WHAT THE EXERCISE ASKS: Exact copy, no pictures: restate each entry below word for word.

╭─ THE INPUT

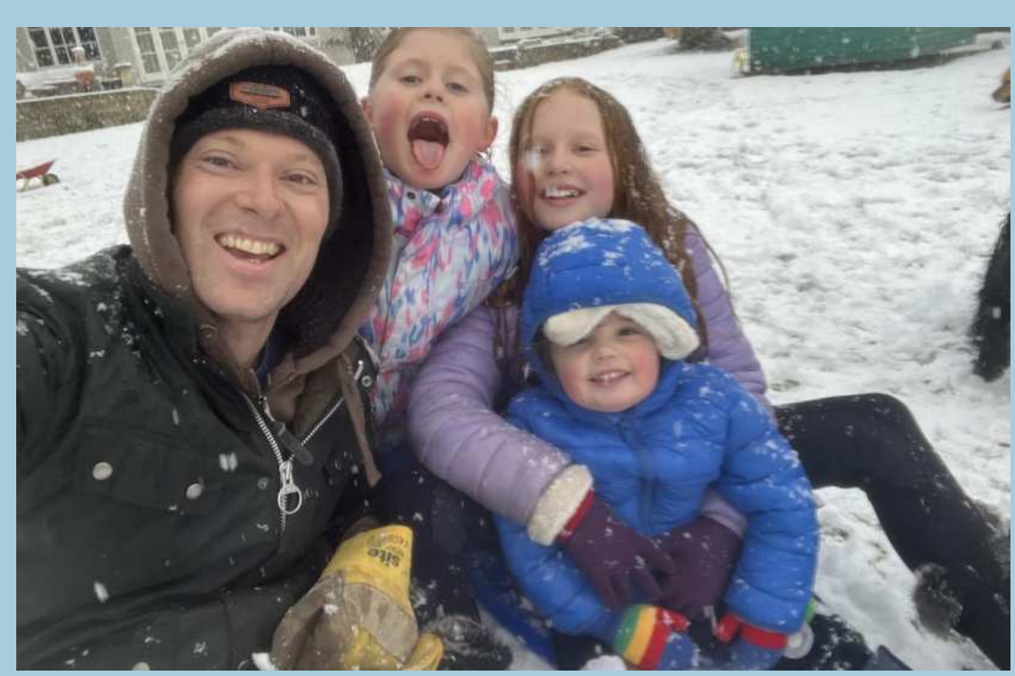
CHELTENHAM IN THE SNOW!

The run takes place every Saturday at 9am and is free to attend.
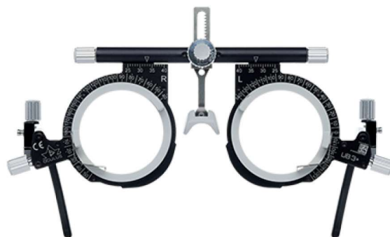
Universal Trial Frame OCULUS UB 3+
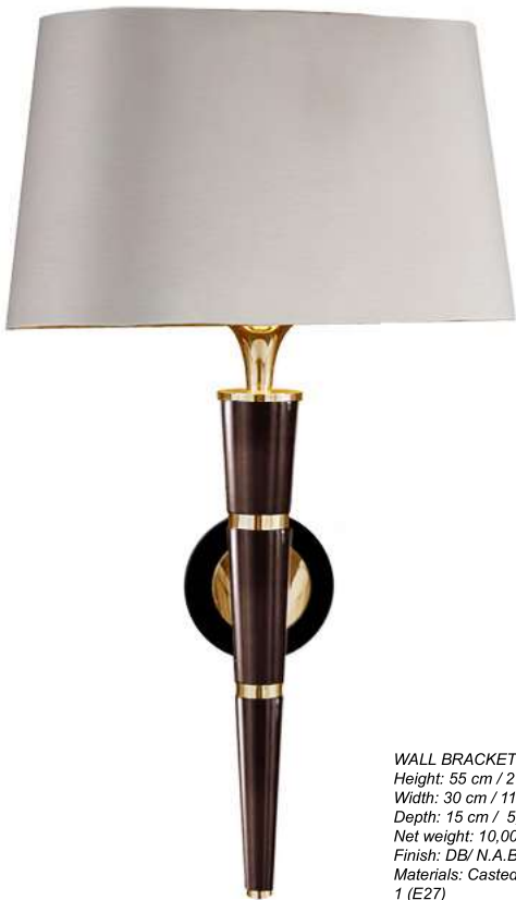
WALL BRACKET – Ref.: 20282 Height: 55 cm / 21,65 in Width: 30 cm / 11,81 in Depth: 15 cm / 5,91 in Net weight: 10,00 Kg / 22,03 lb Finish: DB/ N.A.B (67/515) Materials: Casted Bronze & Venetian glass. 1 (E27)
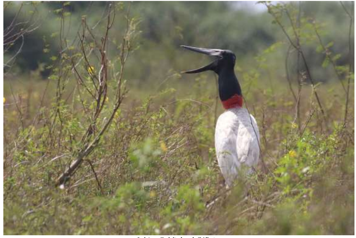
Jabiru

The birdlife at Crooked Tree Lagoon is constantly changing through the season, closely tied to changing water levels, so we never know what we will find one visit to the next. This year, water levels were quite low, serving to concentrate birds. Although navigation of the existing waterways was slower than usual, our boat trip here provided wonderful birds at every turn. The keystone species at Crooked Tree, Jabiru, was present in good numbers, and we had close views of these magnificent birds, which dwarfed nearby Wood Storks, egrets, and herons. We also had good luck finding all four expected kingfisher species, plus Boat-billed Herons, Bare-throated Tiger-Heron, Snail Kite, Black-collared Hawk, Great Black Hawk, large flocks of Caspian and Gull-billed terns, and a rare (very early) Black Tern. But top honors clearly go to the very secretive Agami Heron and Sungrebe, both of which gave us excellent views when we finally made it to Spanish Creek!
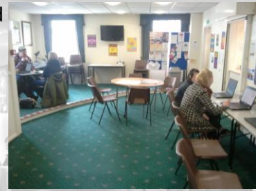
Young People Job Searching
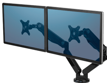
Platinum Series Dual Monitor Arm Office Depot Item # 219092
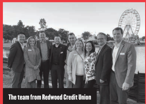
The team from Redwood Credit Union
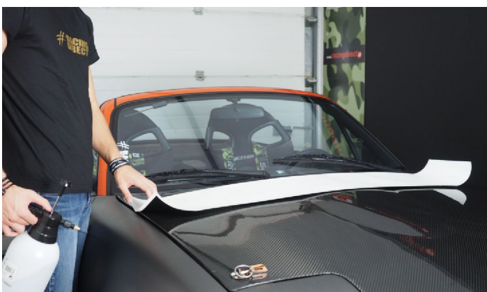
Place the stripe upside down on the hood.
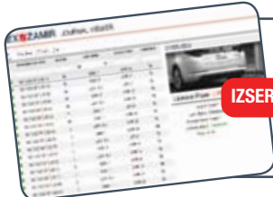
IZSERVER FOR OCULARIS™ SOFTWARE
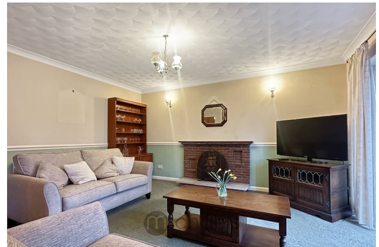
14' 9" x 12' 4" (4.50m x 3.76m) UPVC sliding doors to rear aspect, radiator, exposed brick fireplace.
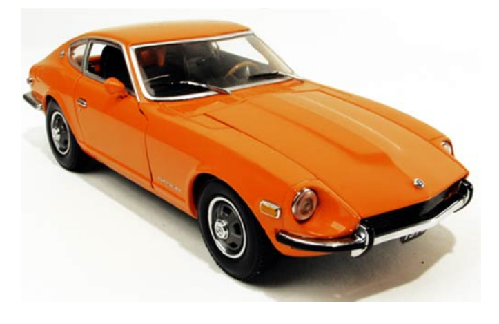
Brand new again to celebrate the 25th anniversary

One of the most creative limited editions ever was how Nissan celebrated the 25th anniversary of the <u>240Z</u>. They chose to offer for sale a handful of the originals fully restored by the factory. What an undertaking! They looked perfect in every detail, right down to a reproduction of the original factory window sticker. The cars were priced at more than $20,000, up from the original price of $3,526 that a 1970 240Z fetched. Should we gather up vintage ThinkPad 700c's and refurbish them to their former glory? Not sure I want to go that far back in time, or that anyone would pay a premium for such an offering.
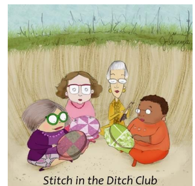
Stitch in the Ditch Club
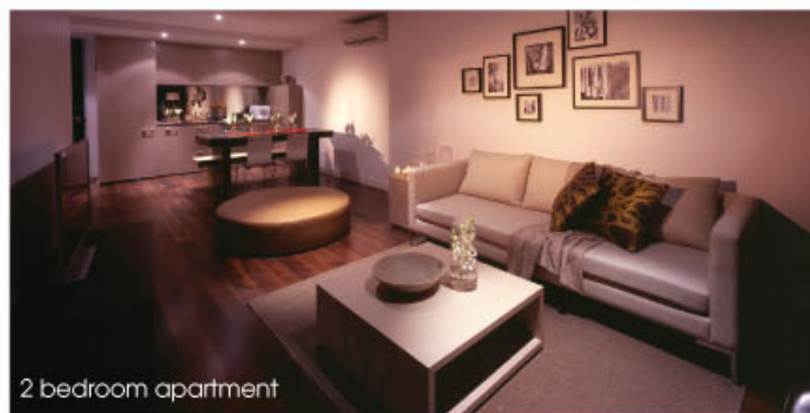
2 bedroom apartment
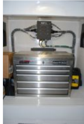
> Tool Box

╰─

EXERCISE RESULT:
CHELTENHAM IN THE SNOW!

The run takes place every Saturday at 9am and is free to attend.
Universal Trial Frame OCULUS UB 3+
WALL BRACKET – Ref.: 20282 Height: 55 cm / 21,65 in Width: 30 cm / 11,81 in Depth: 15 cm / 5,91 in Net weight: 10,00 Kg / 22,03 lb Finish: DB/ N.A.B (67/515) Materials: Casted Bronze & Venetian glass. 1 (E27)
Jabiru

The birdlife at Crooked Tree Lagoon is constantly changing through the season, closely tied to changing water levels, so we never know what we will find one visit to the next. This year, water levels were quite low, serving to concentrate birds. Although navigation of the existing waterways was slower than usual, our boat trip here provided wonderful birds at every turn. The keystone species at Crooked Tree, Jabiru, was present in good numbers, and we had close views of these magnificent birds, which dwarfed nearby Wood Storks, egrets, and herons. We also had good luck finding all four expected kingfisher species, plus Boat-billed Herons, Bare-throated Tiger-Heron, Snail Kite, Black-collared Hawk, Great Black Hawk, large flocks of Caspian and Gull-billed terns, and a rare (very early) Black Tern. But top honors clearly go to the very secretive Agami Heron and Sungrebe, both of which gave us excellent views when we finally made it to Spanish Creek!
Young People Job Searching
Platinum Series Dual Monitor Arm Office Depot Item # 219092
The team from Redwood Credit Union
Place the stripe upside down on the hood.
IZSERVER FOR OCULARIS™ SOFTWARE
14' 9" x 12' 4" (4.50m x 3.76m) UPVC sliding doors to rear aspect, radiator, exposed brick fireplace.
Brand new again to celebrate the 25th anniversary

One of the most creative limited editions ever was how Nissan celebrated the 25th anniversary of the <u>240Z</u>. They chose to offer for sale a handful of the originals fully restored by the factory. What an undertaking! They looked perfect in every detail, right down to a reproduction of the original factory window sticker. The cars were priced at more than $20,000, up from the original price of $3,526 that a 1970 240Z fetched. Should we gather up vintage ThinkPad 700c's and refurbish them to their former glory? Not sure I want to go that far back in time, or that anyone would pay a premium for such an offering.
Stitch in the Ditch Club
2 bedroom apartment
> Tool Box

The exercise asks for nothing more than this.